Untangle, Inc. was founded in 2003 with the mission of making advanced network security solutions accessible and affordable. The original product, Untangle Gateway, combined essential services like firewall, VPN, and web filtering in a single appliance. Over the years, its feature set expanded significantly, prompting a rebranding to Untangle NG Firewall in 2017. The “NG” stands for “Next Generation,” reflecting the addition of modern security modules such as intrusion prevention and application control.

Core Components

• Modular Architecture: Provides a library of security and network applications (apps) that can be enabled or disabled based on need.
• Centralized Management: A web-based interface simplifies configuration, monitoring, and updates.
• Reporting and Analytics: Built-in reporting tools give real-time visibility into network traffic, security events, and user activity.
• Scalable Deployment: Suitable for on-premises hardware appliances, virtual machines, and cloud environments.

How It Works

Deployment Options

• Hardware Appliances: Preconfigured devices available in various performance tiers.
• Virtual Appliances: VMware, Hyper-V, KVM, and other hypervisor support.
• Cloud Deployments: AWS Marketplace and other cloud provider images.
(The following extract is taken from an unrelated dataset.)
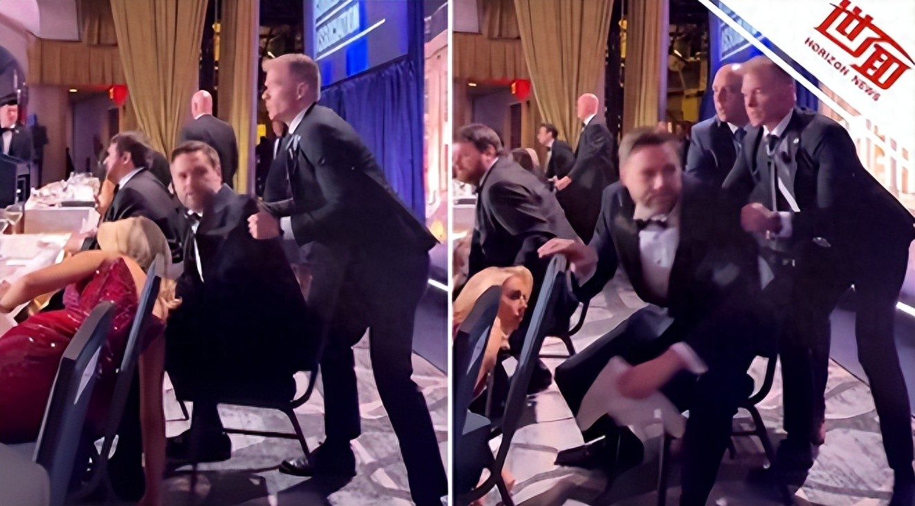 几乎是同一时间,一名贴身特勤人员直接上前拽住万斯的衣服,将他从座位上强行拖起,另外两名特勤人员立刻形成掩护阵型,一前一后将万斯围在中间,以最快速度沿着通道带离会场,整个过程不到10秒。

Architecture and Data Flow

The Untangle NG Firewall functions as a bridge or routed gateway between your internal network and the internet. All network traffic flows through the appliance, where it is processed by the enabled apps in a sequential order. The typical data flow is:

1. Packet Reception: Traffic enters through a network interface.
2. Packet Decoding: The system decodes and classifies traffic based on protocol and layer.
3. Policy Enforcement: Enabled apps apply security policies (e.g., firewall rules, web filtering, intrusion prevention).
4. Logging and Reporting: Events are logged and made available in real-time dashboards.
5. Packet Forwarding: Cleaned and vetted traffic exits through the designated interface.

Key Modules and Features

Untangle NG Firewall offers a rich set of modules. Some of the most popular include:

• Firewall: Stateful packet inspection, NAT, and access control lists.
• Intrusion Prevention (IPS/IDS): Detects and blocks known attack signatures.
• Web Filter: Blocks or allows websites based on category, URL, or content.
• Application Control: Identifies and regulates applications like social media, P2P, and streaming.
• VPN: IPsec and OpenVPN support for secure remote access.
• Anti-Virus: Scans incoming and outgoing traffic for malware, viruses, and trojans.
• Ad Blocking: Reduces bandwidth usage and improves page load times.
• Phish Blocker: Prevents users from accessing known phishing sites.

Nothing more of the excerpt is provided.